Hi! I am implementing a simple algorithm to compute squared variance of gradients. For this, I need to compute gradients of the network for each sample in my batch. As far as I understand, loss.backward() computes gradients for each sample and then averages them. Is there any flag which outputs gradients for each sample before their averaging? Thanks!
As far as I know you cannot get specific grads unless you backpropagate for each loss term before averaging.
You can get element-wise loses by passing reduce=False
Check any loss’ docs to see
So, in short,
criterion = nn.Loss(reduce=False) ... losses = criterion(pred,gt) for loss in losses: loss.backward(retain_graph=True)
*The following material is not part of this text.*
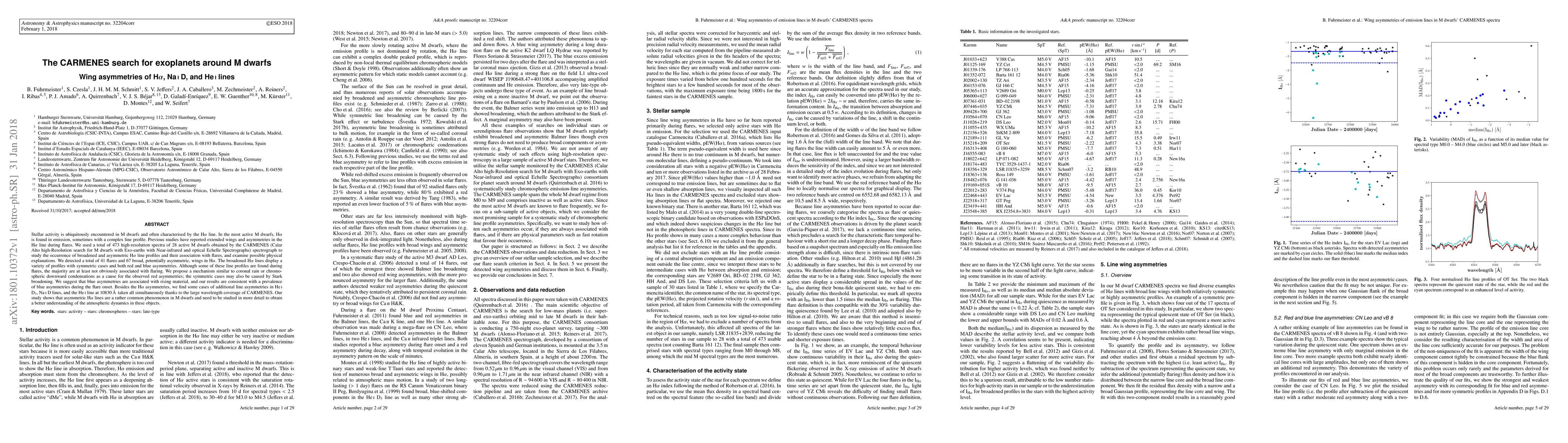 Stellar activity is ubiquitously encountered in M dwarfs and often characterised by the H$\alpha$ line. In the most active M dwarfs, H$\alpha$ is found in emission, sometimes with a complex line profile. Previous studies have reported extended wings and asymmetries in the H$\alpha$ line during flares. We used a total of 473 high-resolution spectra of 28 active M dwarfs obtained by the CARMENES (Calar Alto high-Resolution search for M dwarfs with Exo-earths with Near-infrared and optical Echelle Spectrographs) spectrograph to study the occurrence of broadened and asymmetric H$\alpha$ line profiles and their association with flares, and examine possible physical explanations. We detected a total of 41 flares and 67 broad, potentially asymmetric, wings in H$\alpha$. The broadened H$\alpha$ lines display a variety of profiles with symmetric cases and both red and blue asymmetries. Although some of these line profiles are found during flares, the majority are at least not obviously associated with flaring. We propose a mechanism similar to coronal rain or chromospheric downward condensations as a cause for the observed red asymmetries; the symmetric cases may also be caused by Stark broadening. We suggest that blue asymmetries are associated with rising material, and our results are consistent with a prevalence of blue asymmetries during the flare onset. Besides the H$\alpha$ asymmetries, we find some cases of additional line asymmetries in \ion{He}{i} D$_{3}$, \ion{Na}{i}~D lines, and the \ion{He}{i} line at 10830\,\AA\, taken all simultaneously thanks to the large wavelength coverage of CARMENES. Our study shows that asymmetric H$\alpha$ lines are a rather common phenomenon in M~dwarfs and need to be studied in more detail to obtain a better understanding of the atmospheric dynamics in these objects.

Hi @JuanFMontesinos ! Thank for reply! Yes, I am aware of loss “reduction”. However, I need gradients of the network itself. At the moment, I am forwarding and backwarding each sample, which is very slow.
As I aforementioned, you can backpropagate each element before reduction. At least this will speed up forward.
For backward, it has to be 1-by-1.
I think the whole system is built under the idea that you can access gradients doing param.grad, that’s why it would be a mess if you could filter out gradients from any element. Besides, the system is not aware of what “loss” or a batch is is. It just follows chain rule.
Just a minor,
reduce h/b deprecated. Use
- reduction ( string , optional ) – Specifies the reduction to apply to the output:
'none': no reduction will be applied,
'mean': the sum of the output will be divided by the number of elements in the output,
'sum': the output will be summed. Note:
reduceare in the process of being deprecated, and in the meantime, specifying either of those two args will override
Probable you are looking for option:
If you use simple NN, you can use tricks like the one mentionned here to reuse computations.
I have a customised layer as will in my NN. So is there anyway to still use the trick that you mentioned please?